> **WHAT YOU NEED TO DO**
Give back exactly the lines of the data below, starting with the line that has "Clearly Besotted Tiny" and going on through the line that has "Normaler PreisSterlingsilber &".

> **SUPPLIED MATERIAL**
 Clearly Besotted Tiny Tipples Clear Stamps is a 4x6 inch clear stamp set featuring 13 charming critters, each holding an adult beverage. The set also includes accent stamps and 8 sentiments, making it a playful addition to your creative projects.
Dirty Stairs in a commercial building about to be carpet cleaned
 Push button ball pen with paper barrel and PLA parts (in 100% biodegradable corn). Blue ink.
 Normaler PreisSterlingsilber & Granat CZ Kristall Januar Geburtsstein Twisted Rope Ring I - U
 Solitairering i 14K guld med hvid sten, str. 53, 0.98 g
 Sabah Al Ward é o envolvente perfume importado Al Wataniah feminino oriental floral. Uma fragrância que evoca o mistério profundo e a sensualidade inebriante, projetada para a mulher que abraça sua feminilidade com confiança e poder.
==
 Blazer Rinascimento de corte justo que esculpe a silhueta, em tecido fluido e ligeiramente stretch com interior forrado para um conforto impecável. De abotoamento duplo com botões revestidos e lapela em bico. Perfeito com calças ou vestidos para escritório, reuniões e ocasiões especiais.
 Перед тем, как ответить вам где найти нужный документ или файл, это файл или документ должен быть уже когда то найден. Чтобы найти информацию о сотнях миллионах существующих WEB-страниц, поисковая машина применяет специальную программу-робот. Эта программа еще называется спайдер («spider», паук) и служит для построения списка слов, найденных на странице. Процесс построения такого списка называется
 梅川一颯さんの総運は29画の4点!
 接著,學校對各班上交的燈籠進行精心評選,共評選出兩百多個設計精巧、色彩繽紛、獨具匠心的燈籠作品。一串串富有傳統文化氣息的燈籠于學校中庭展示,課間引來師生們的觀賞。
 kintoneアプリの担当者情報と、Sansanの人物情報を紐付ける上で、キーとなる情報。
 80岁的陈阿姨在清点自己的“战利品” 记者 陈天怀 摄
==
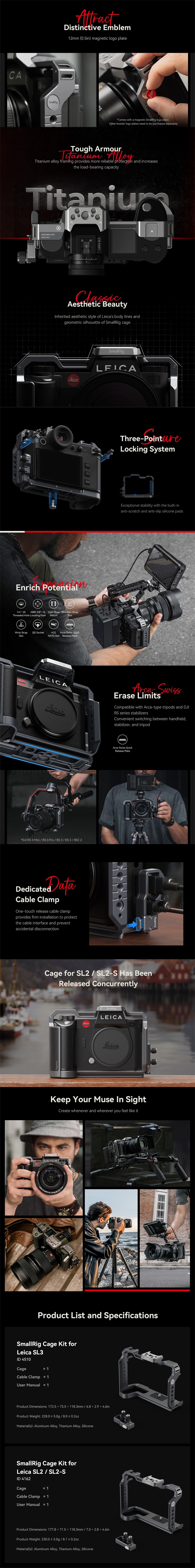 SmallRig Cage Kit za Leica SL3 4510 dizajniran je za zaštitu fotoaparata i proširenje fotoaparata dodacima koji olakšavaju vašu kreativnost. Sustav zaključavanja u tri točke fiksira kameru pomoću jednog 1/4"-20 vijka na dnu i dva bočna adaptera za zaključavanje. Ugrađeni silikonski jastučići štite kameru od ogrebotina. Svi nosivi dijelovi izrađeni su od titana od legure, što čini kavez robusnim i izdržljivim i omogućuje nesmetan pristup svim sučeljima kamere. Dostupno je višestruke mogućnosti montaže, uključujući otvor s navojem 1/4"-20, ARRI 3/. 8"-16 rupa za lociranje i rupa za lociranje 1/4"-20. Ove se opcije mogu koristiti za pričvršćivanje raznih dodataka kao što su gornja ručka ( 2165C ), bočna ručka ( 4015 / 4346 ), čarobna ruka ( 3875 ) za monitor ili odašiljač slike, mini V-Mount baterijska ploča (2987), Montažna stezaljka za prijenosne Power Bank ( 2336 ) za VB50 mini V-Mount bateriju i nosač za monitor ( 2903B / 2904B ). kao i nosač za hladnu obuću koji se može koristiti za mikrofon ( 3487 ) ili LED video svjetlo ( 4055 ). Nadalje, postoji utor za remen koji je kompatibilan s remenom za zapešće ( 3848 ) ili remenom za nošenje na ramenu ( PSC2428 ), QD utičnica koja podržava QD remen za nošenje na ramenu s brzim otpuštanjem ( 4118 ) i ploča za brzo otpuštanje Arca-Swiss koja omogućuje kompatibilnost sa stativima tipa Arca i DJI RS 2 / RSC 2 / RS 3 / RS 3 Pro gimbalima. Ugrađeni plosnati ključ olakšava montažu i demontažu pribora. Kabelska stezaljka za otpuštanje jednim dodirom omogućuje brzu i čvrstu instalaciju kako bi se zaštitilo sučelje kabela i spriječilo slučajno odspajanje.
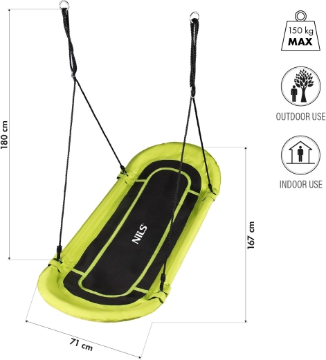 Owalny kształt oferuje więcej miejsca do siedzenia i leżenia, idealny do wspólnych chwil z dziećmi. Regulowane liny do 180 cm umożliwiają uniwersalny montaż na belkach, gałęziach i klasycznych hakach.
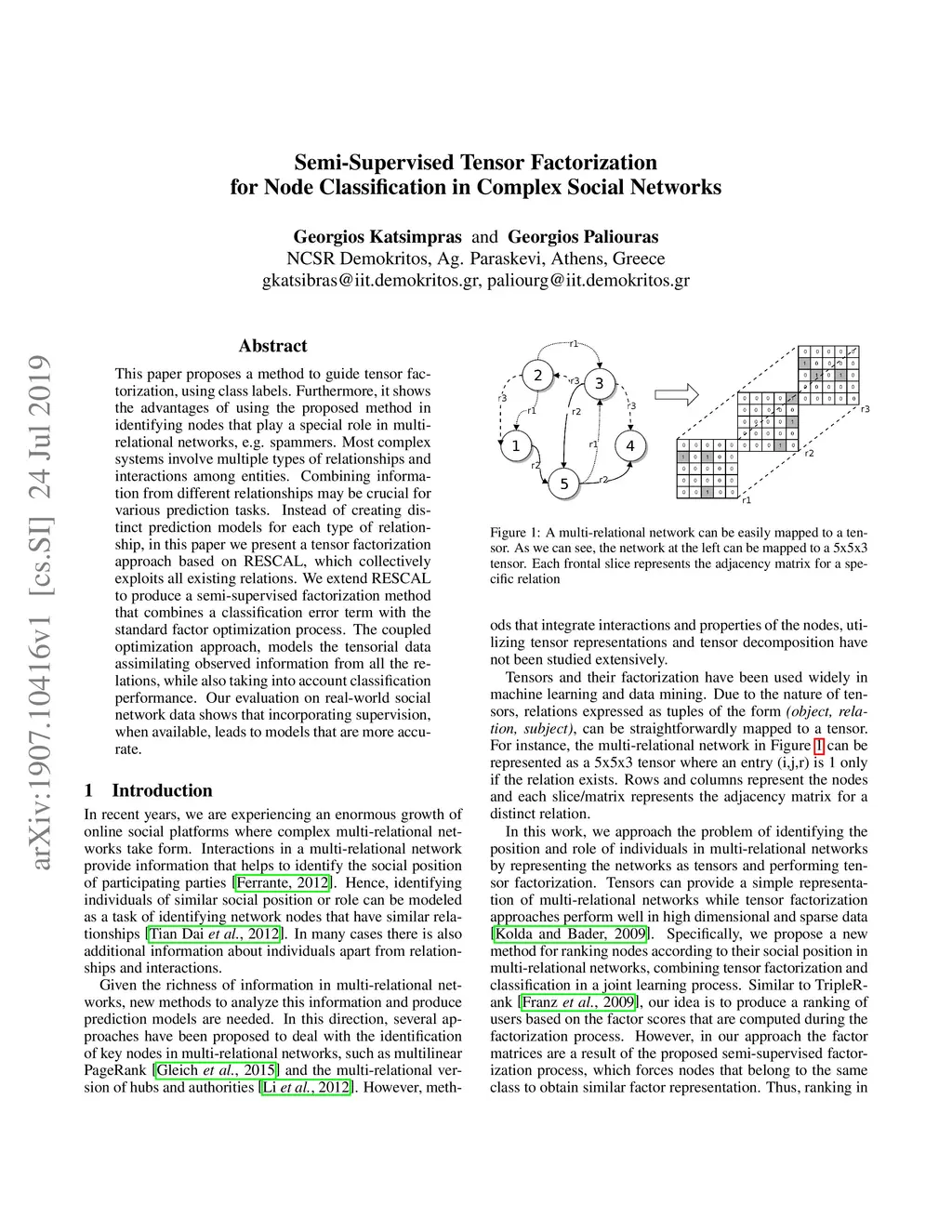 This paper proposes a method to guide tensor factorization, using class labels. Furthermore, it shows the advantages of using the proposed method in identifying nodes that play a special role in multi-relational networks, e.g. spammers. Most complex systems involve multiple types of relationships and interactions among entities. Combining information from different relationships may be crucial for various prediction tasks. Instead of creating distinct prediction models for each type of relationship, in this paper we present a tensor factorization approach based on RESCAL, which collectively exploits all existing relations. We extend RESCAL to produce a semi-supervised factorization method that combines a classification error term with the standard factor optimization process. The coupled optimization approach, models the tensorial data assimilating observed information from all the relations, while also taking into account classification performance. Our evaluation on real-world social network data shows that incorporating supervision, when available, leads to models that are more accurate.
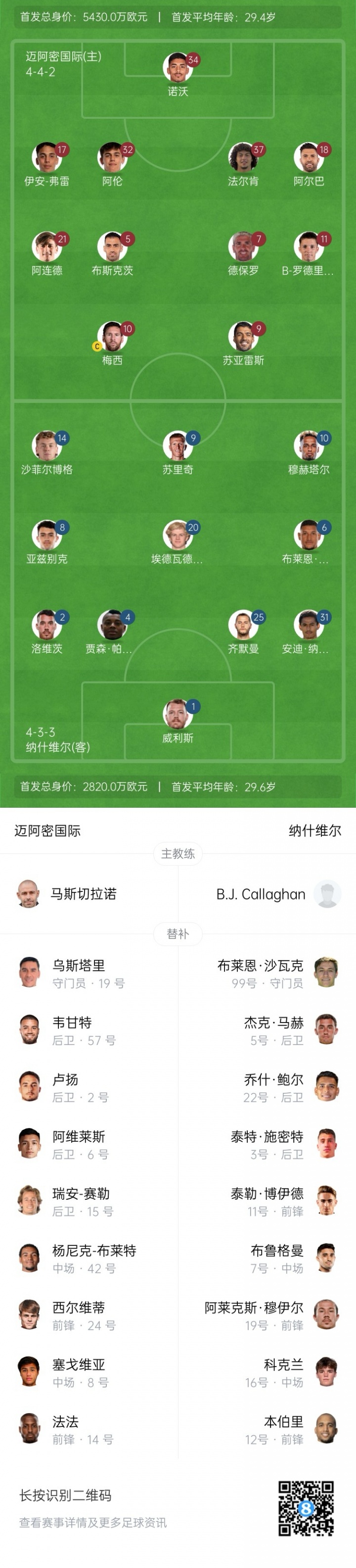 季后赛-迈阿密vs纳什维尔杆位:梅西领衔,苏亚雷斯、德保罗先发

> **RESULT FOR THIS TASK**
 Clearly Besotted Tiny Tipples Clear Stamps is a 4x6 inch clear stamp set featuring 13 charming critters, each holding an adult beverage. The set also includes accent stamps and 8 sentiments, making it a playful addition to your creative projects.
Dirty Stairs in a commercial building about to be carpet cleaned
 Push button ball pen with paper barrel and PLA parts (in 100% biodegradable corn). Blue ink.
 Normaler PreisSterlingsilber & Granat CZ Kristall Januar Geburtsstein Twisted Rope Ring I - U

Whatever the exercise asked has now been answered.